EXERCISE DESCRIPTION
Your output should be the lines below from the one holding "为纪念中国人民抗日战争暨世界" through the one holding "Balıkçı Yaka Fitilli Triko İkili Takım Ekru", transcribed exactly, with no pictures.

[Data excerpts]
+++++

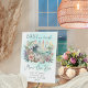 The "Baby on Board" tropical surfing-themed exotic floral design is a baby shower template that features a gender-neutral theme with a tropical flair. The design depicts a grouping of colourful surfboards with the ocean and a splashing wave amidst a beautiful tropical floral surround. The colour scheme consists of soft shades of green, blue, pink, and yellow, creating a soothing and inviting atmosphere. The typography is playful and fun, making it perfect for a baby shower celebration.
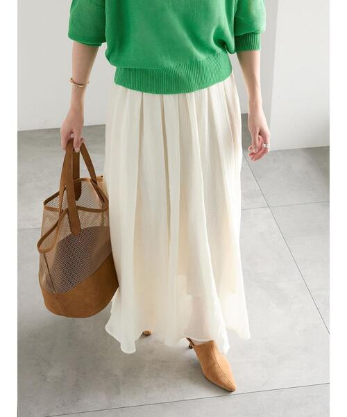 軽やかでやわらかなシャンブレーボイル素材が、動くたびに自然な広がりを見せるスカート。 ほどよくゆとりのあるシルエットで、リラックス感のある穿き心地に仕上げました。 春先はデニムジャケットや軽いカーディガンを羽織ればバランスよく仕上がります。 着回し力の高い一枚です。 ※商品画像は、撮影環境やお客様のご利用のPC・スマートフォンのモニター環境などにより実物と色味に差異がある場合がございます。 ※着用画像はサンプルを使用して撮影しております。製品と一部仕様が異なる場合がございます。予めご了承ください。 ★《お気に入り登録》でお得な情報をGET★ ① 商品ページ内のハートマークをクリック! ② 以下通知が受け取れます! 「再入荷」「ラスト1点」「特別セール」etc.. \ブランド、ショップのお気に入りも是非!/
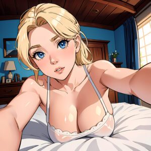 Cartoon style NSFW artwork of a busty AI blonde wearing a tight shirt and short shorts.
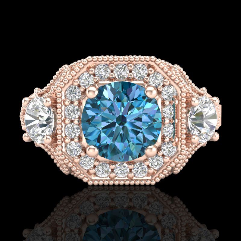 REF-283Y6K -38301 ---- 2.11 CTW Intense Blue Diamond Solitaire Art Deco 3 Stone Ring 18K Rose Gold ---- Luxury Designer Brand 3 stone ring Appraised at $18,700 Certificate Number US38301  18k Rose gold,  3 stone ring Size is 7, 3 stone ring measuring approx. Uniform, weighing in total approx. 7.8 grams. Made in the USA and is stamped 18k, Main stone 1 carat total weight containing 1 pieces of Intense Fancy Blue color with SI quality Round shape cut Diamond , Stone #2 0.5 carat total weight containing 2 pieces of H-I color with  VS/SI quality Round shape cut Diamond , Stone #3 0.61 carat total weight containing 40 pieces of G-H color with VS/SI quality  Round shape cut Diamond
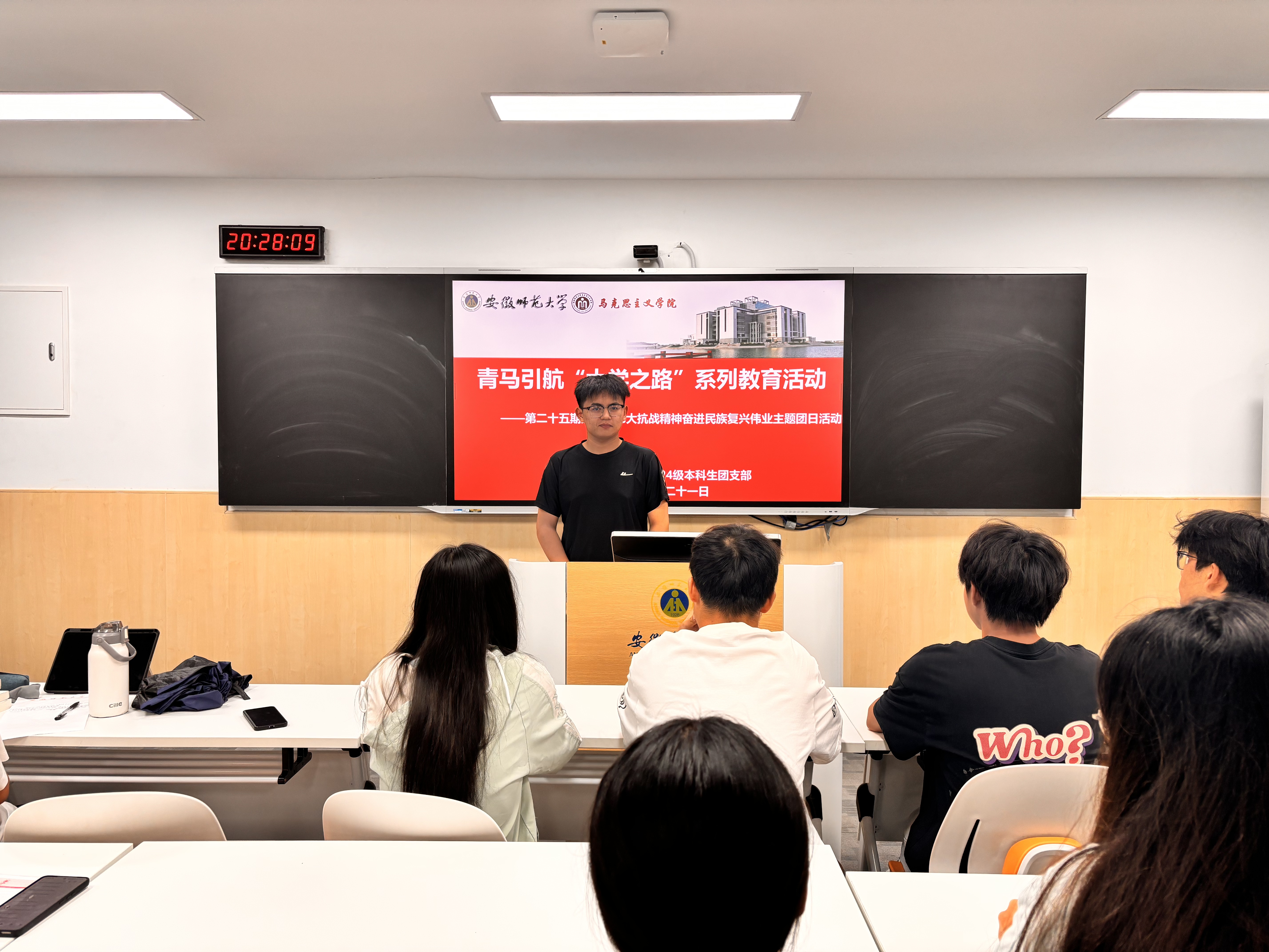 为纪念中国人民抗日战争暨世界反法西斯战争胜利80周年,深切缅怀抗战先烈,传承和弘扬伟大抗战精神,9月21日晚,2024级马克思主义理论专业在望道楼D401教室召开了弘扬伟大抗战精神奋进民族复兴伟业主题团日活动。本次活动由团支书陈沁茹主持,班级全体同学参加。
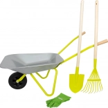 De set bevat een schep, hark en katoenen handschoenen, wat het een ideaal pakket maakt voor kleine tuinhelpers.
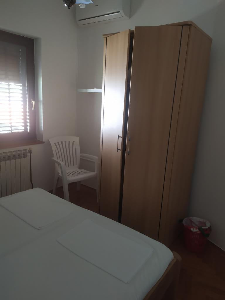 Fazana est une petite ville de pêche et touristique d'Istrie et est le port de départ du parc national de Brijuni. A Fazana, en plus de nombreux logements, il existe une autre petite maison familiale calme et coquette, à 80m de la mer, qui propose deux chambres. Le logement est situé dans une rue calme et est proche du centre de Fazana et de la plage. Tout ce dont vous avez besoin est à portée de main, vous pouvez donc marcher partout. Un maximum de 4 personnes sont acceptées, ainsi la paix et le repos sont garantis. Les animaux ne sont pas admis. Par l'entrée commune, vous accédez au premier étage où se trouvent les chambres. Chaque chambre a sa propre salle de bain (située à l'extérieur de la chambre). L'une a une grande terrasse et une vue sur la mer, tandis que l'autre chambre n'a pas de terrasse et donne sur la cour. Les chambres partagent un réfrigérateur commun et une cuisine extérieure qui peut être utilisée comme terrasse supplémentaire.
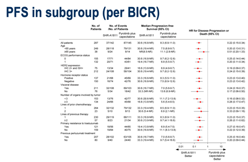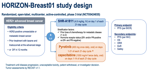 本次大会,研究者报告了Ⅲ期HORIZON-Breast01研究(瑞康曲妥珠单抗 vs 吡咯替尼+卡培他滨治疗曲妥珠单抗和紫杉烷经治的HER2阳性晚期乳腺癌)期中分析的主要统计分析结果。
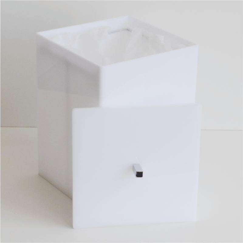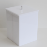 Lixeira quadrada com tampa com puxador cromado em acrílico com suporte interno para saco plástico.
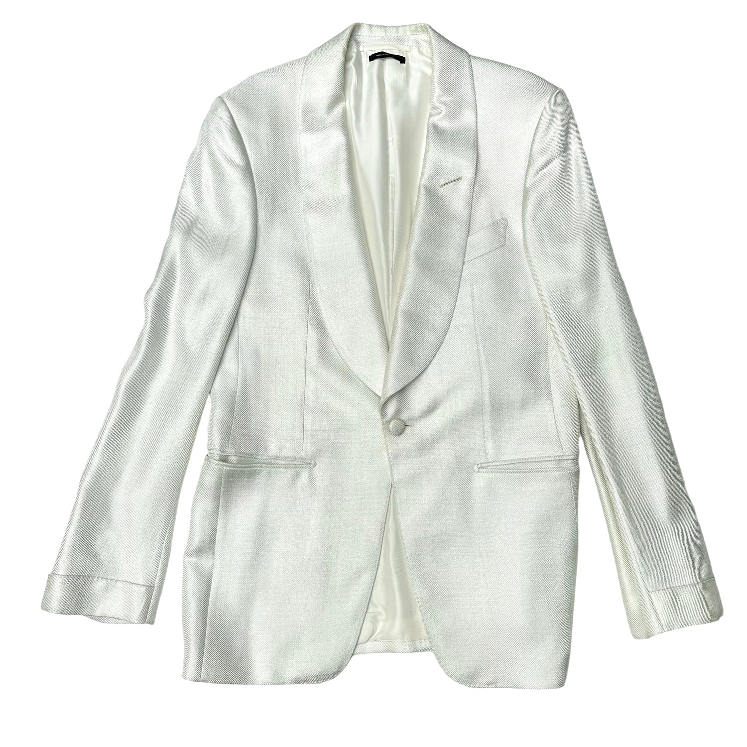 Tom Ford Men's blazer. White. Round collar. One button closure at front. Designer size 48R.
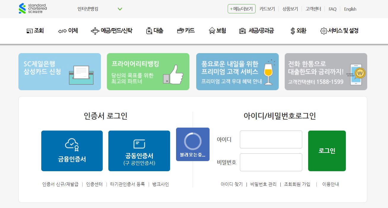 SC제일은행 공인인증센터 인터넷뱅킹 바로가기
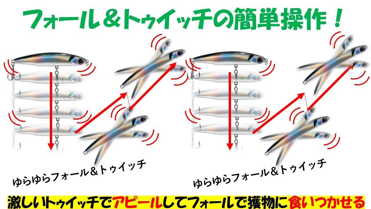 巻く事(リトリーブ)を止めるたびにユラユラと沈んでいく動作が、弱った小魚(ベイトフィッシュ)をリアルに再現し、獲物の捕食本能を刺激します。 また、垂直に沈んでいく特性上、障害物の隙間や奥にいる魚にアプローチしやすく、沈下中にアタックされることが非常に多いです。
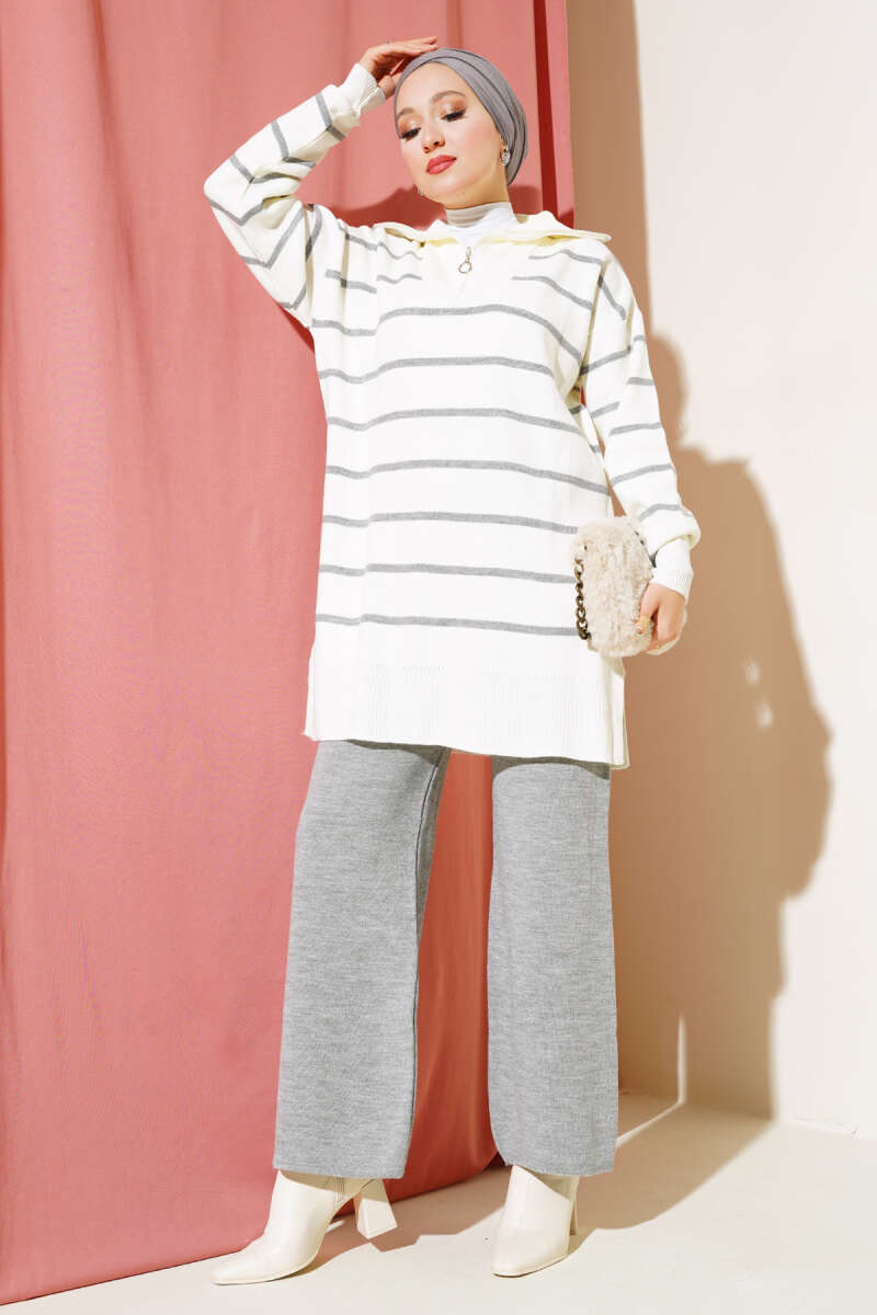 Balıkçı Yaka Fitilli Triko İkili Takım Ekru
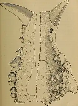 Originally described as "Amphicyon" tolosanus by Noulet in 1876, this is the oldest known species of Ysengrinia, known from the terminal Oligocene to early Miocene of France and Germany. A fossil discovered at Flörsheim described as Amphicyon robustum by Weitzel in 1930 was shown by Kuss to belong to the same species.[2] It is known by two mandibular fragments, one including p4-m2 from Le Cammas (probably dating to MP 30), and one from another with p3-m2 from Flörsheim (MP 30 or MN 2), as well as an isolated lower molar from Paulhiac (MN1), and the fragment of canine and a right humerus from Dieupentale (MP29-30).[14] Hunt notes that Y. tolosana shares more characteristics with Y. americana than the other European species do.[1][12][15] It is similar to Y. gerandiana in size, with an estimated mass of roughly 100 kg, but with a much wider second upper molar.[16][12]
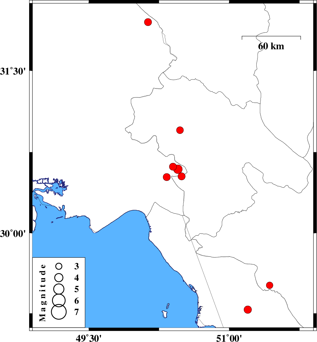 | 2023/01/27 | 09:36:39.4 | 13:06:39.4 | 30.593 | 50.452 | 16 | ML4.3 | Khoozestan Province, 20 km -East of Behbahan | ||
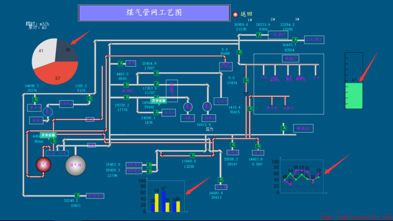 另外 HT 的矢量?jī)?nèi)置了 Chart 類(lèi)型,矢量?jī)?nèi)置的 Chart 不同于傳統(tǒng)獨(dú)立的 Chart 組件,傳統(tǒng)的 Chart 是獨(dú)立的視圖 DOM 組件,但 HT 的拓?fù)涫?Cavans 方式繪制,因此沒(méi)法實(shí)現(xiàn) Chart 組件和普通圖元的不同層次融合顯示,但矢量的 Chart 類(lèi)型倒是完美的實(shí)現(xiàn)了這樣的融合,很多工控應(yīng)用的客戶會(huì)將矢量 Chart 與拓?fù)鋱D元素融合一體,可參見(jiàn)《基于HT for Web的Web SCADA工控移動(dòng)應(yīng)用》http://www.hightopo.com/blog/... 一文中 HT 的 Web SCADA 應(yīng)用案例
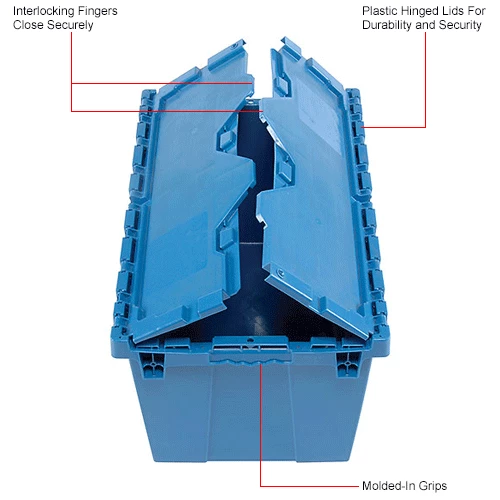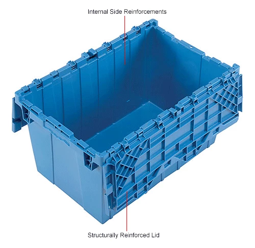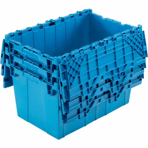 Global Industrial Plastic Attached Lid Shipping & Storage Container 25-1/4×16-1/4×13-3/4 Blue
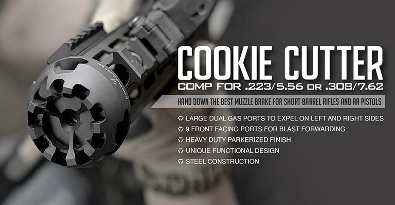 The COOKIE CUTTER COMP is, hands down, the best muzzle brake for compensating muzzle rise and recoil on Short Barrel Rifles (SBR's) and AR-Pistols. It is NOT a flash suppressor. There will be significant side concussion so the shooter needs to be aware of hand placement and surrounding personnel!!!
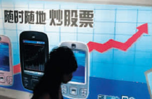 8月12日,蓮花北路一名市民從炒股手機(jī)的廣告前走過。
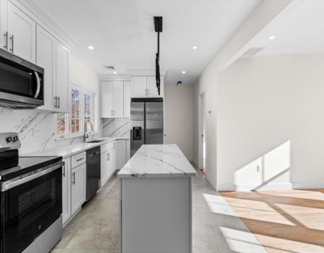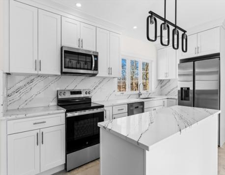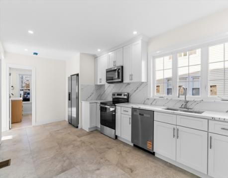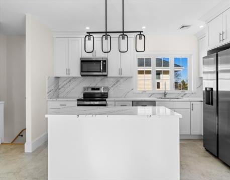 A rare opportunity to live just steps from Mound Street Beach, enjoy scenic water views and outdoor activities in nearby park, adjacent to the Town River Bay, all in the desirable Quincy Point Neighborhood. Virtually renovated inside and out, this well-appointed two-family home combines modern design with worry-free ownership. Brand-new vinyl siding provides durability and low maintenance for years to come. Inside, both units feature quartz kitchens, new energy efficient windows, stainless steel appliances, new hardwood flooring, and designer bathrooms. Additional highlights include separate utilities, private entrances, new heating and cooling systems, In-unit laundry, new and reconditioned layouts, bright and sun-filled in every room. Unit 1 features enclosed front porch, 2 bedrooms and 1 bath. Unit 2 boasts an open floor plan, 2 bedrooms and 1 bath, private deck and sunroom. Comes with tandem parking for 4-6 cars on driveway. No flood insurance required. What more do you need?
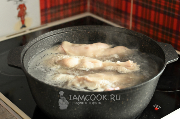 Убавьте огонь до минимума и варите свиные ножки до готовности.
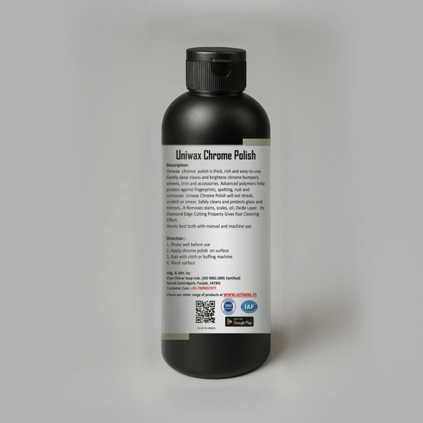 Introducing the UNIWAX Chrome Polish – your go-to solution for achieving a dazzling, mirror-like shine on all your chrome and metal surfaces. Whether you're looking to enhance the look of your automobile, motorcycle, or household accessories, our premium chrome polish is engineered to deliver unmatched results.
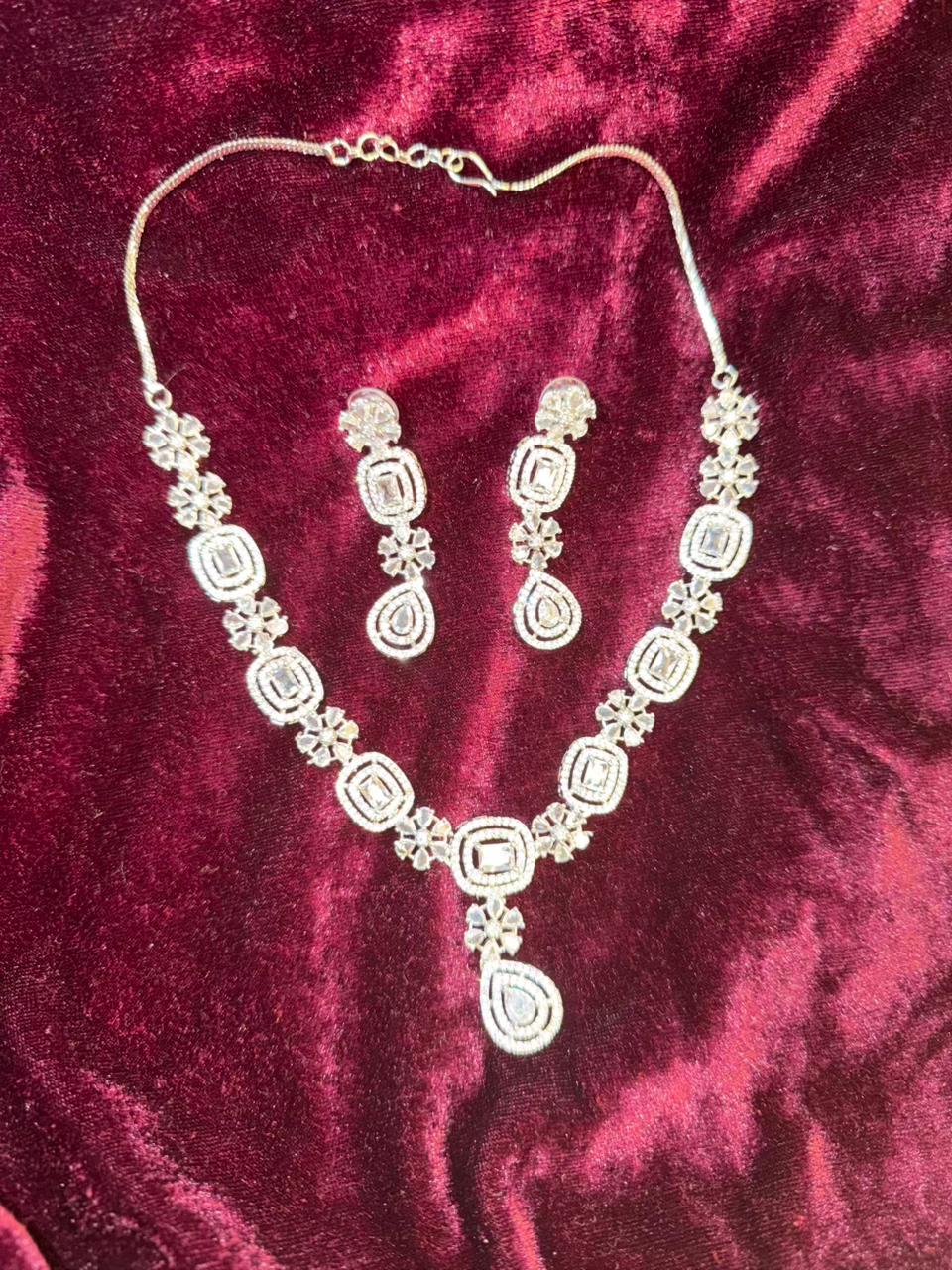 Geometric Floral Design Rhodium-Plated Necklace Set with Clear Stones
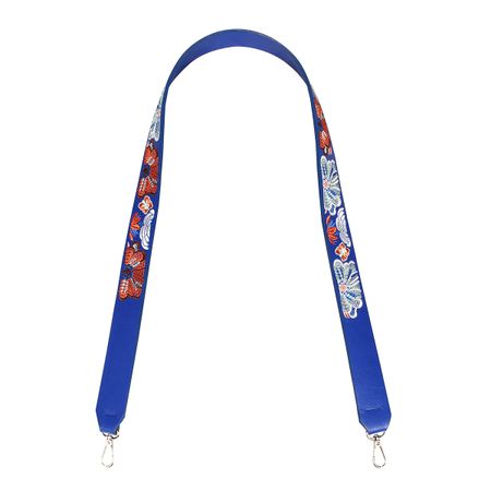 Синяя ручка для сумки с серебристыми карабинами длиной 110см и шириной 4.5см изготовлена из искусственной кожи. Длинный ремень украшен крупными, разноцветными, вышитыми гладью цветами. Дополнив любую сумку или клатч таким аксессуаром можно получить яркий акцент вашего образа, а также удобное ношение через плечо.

+++++

TASK RESULT
 为纪念中国人民抗日战争暨世界反法西斯战争胜利80周年,深切缅怀抗战先烈,传承和弘扬伟大抗战精神,9月21日晚,2024级马克思主义理论专业在望道楼D401教室召开了弘扬伟大抗战精神奋进民族复兴伟业主题团日活动。本次活动由团支书陈沁茹主持,班级全体同学参加。
 De set bevat een schep, hark en katoenen handschoenen, wat het een ideaal pakket maakt voor kleine tuinhelpers.
 Fazana est une petite ville de pêche et touristique d'Istrie et est le port de départ du parc national de Brijuni. A Fazana, en plus de nombreux logements, il existe une autre petite maison familiale calme et coquette, à 80m de la mer, qui propose deux chambres. Le logement est situé dans une rue calme et est proche du centre de Fazana et de la plage. Tout ce dont vous avez besoin est à portée de main, vous pouvez donc marcher partout. Un maximum de 4 personnes sont acceptées, ainsi la paix et le repos sont garantis. Les animaux ne sont pas admis. Par l'entrée commune, vous accédez au premier étage où se trouvent les chambres. Chaque chambre a sa propre salle de bain (située à l'extérieur de la chambre). L'une a une grande terrasse et une vue sur la mer, tandis que l'autre chambre n'a pas de terrasse et donne sur la cour. Les chambres partagent un réfrigérateur commun et une cuisine extérieure qui peut être utilisée comme terrasse supplémentaire.
 本次大会,研究者报告了Ⅲ期HORIZON-Breast01研究(瑞康曲妥珠单抗 vs 吡咯替尼+卡培他滨治疗曲妥珠单抗和紫杉烷经治的HER2阳性晚期乳腺癌)期中分析的主要统计分析结果。
 Lixeira quadrada com tampa com puxador cromado em acrílico com suporte interno para saco plástico.
 Tom Ford Men's blazer. White. Round collar. One button closure at front. Designer size 48R.
 SC제일은행 공인인증센터 인터넷뱅킹 바로가기
 巻く事(リトリーブ)を止めるたびにユラユラと沈んでいく動作が、弱った小魚(ベイトフィッシュ)をリアルに再現し、獲物の捕食本能を刺激します。 また、垂直に沈んでいく特性上、障害物の隙間や奥にいる魚にアプローチしやすく、沈下中にアタックされることが非常に多いです。
 Balıkçı Yaka Fitilli Triko İkili Takım Ekru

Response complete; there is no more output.